(Stored dataset items)
---
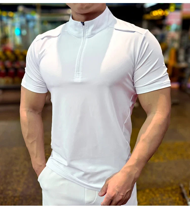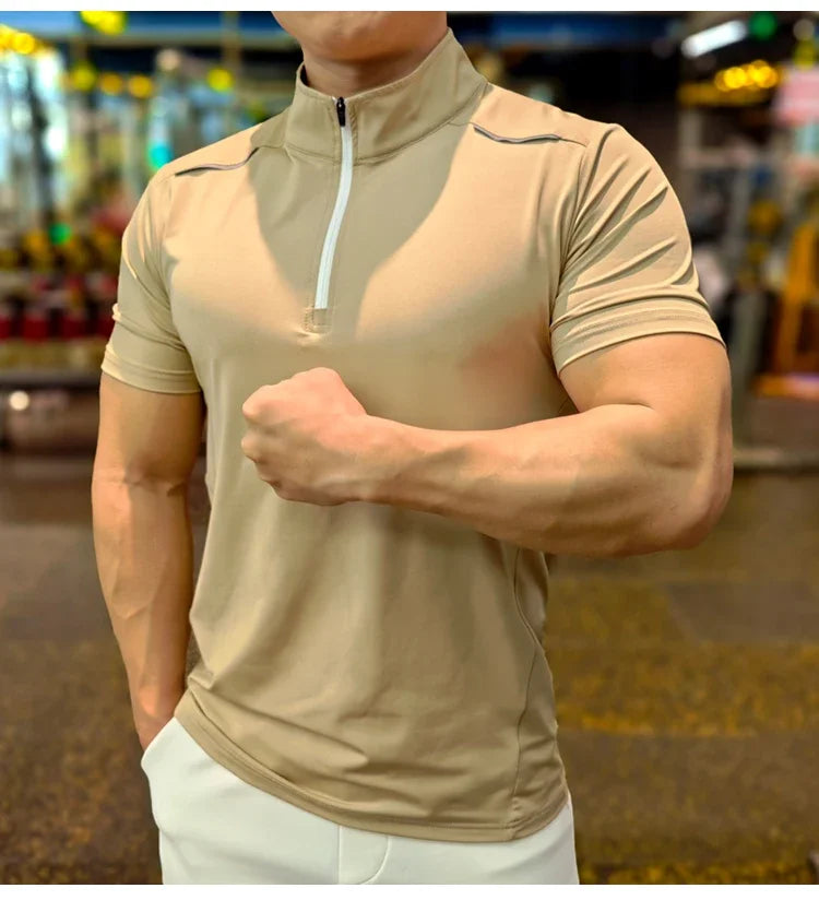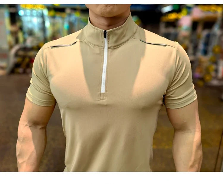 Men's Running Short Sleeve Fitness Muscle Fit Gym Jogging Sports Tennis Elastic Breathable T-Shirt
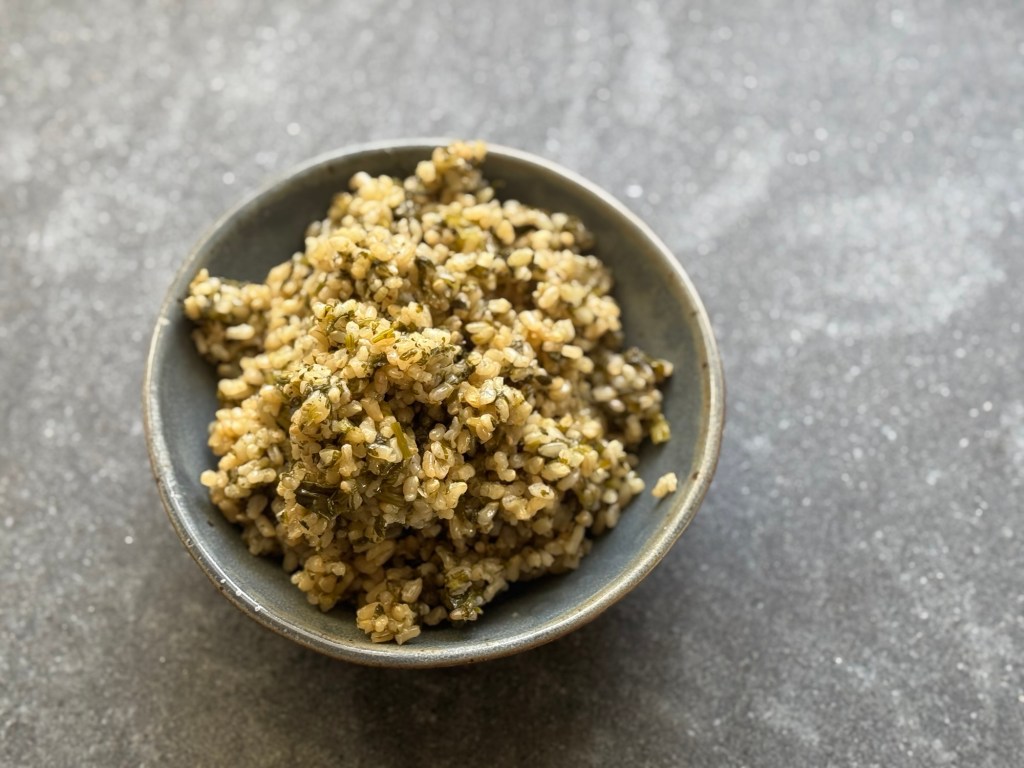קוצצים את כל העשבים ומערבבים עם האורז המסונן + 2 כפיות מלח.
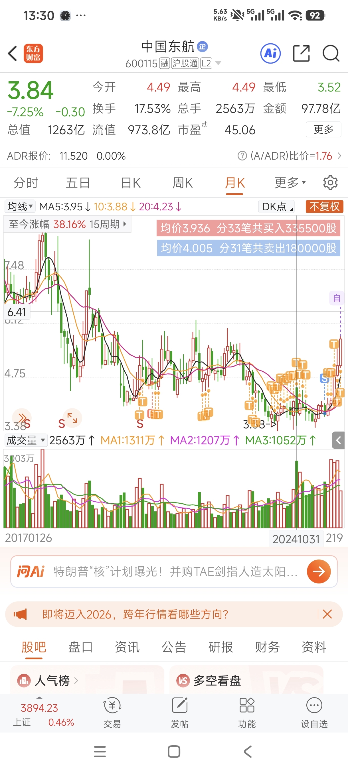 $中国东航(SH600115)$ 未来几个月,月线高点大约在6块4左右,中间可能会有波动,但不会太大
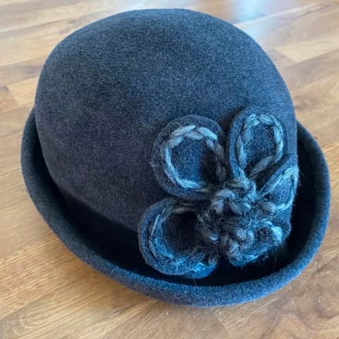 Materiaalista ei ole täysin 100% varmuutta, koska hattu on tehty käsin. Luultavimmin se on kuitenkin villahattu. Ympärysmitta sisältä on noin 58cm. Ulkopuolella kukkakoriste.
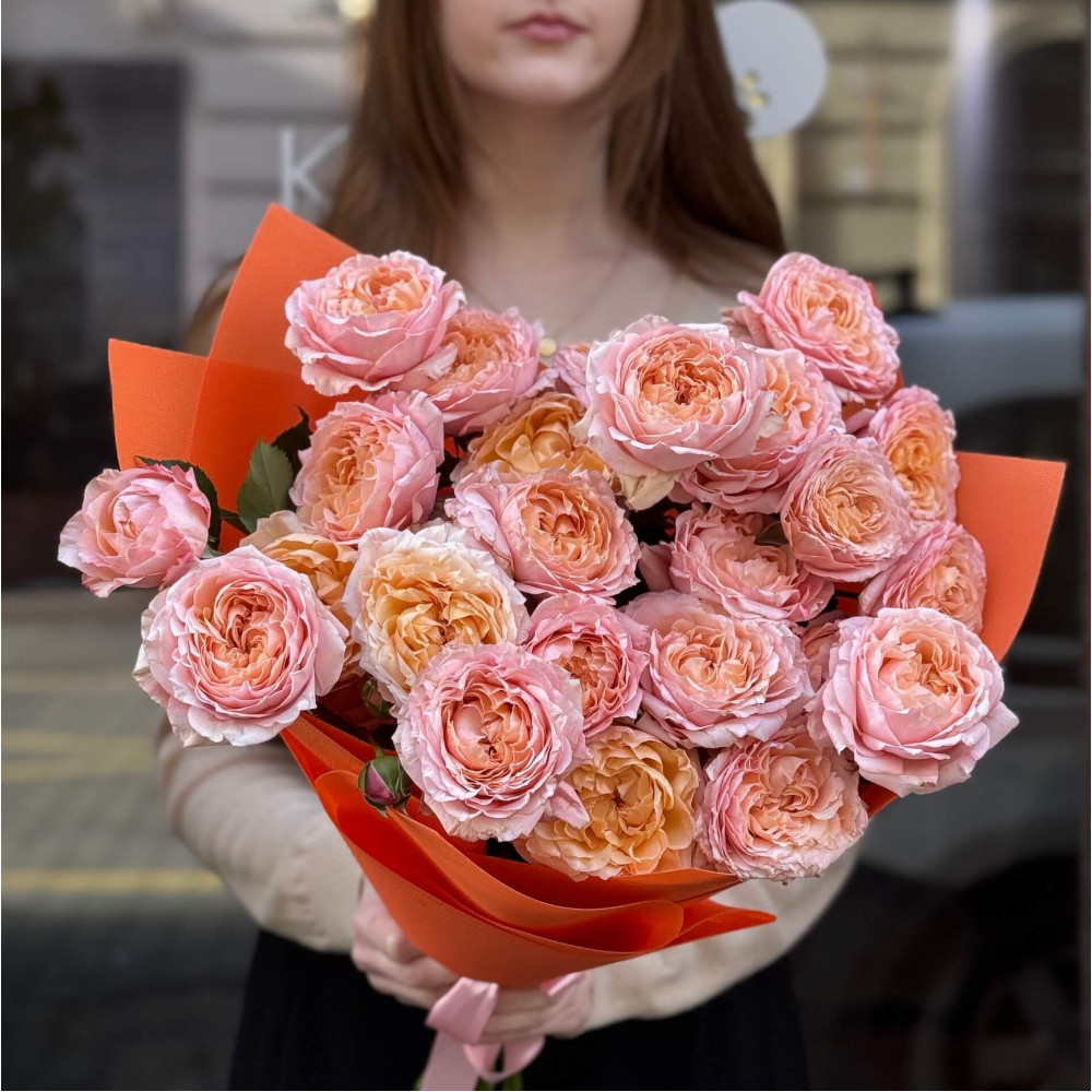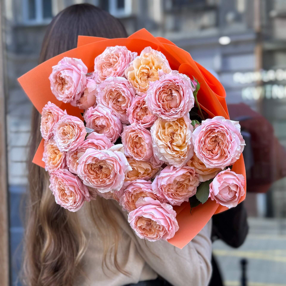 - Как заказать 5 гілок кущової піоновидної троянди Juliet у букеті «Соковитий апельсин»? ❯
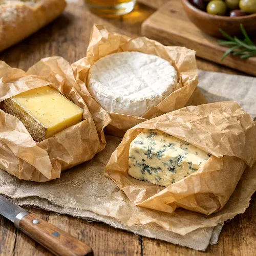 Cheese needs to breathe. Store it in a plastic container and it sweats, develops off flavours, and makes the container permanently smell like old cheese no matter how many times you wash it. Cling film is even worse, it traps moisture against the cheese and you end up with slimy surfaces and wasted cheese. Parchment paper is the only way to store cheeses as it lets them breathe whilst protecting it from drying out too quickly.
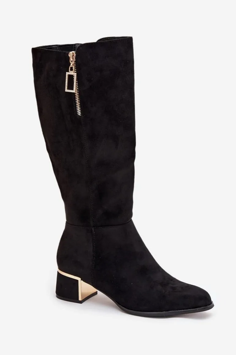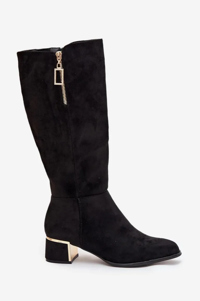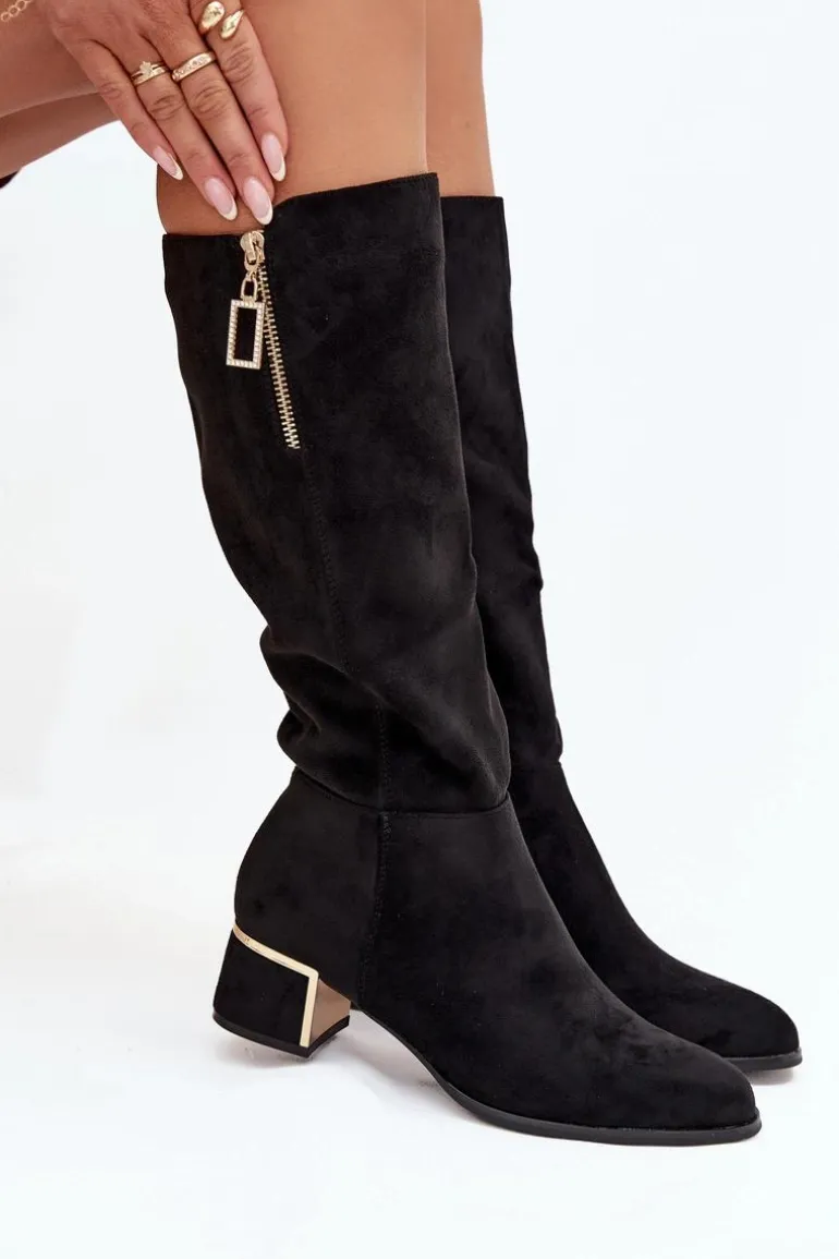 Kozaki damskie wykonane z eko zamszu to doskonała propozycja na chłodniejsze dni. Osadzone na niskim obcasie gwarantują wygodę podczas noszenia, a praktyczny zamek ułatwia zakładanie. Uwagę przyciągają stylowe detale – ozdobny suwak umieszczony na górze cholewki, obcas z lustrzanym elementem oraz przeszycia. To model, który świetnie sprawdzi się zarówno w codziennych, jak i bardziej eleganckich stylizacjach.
---
Please transcribe exactly the lines from the one containing "Materiaalista ei ole" through the final line of the data, including both, and nothing else. Pictures are to be left out.

> [Exercise solution]:
 Materiaalista ei ole täysin 100% varmuutta, koska hattu on tehty käsin. Luultavimmin se on kuitenkin villahattu. Ympärysmitta sisältä on noin 58cm. Ulkopuolella kukkakoriste.
 - Как заказать 5 гілок кущової піоновидної троянди Juliet у букеті «Соковитий апельсин»? ❯
 Cheese needs to breathe. Store it in a plastic container and it sweats, develops off flavours, and makes the container permanently smell like old cheese no matter how many times you wash it. Cling film is even worse, it traps moisture against the cheese and you end up with slimy surfaces and wasted cheese. Parchment paper is the only way to store cheeses as it lets them breathe whilst protecting it from drying out too quickly.
 Kozaki damskie wykonane z eko zamszu to doskonała propozycja na chłodniejsze dni. Osadzone na niskim obcasie gwarantują wygodę podczas noszenia, a praktyczny zamek ułatwia zakładanie. Uwagę przyciągają stylowe detale – ozdobny suwak umieszczony na górze cholewki, obcas z lustrzanym elementem oraz przeszycia. To model, który świetnie sprawdzi się zarówno w codziennych, jak i bardziej eleganckich stylizacjach.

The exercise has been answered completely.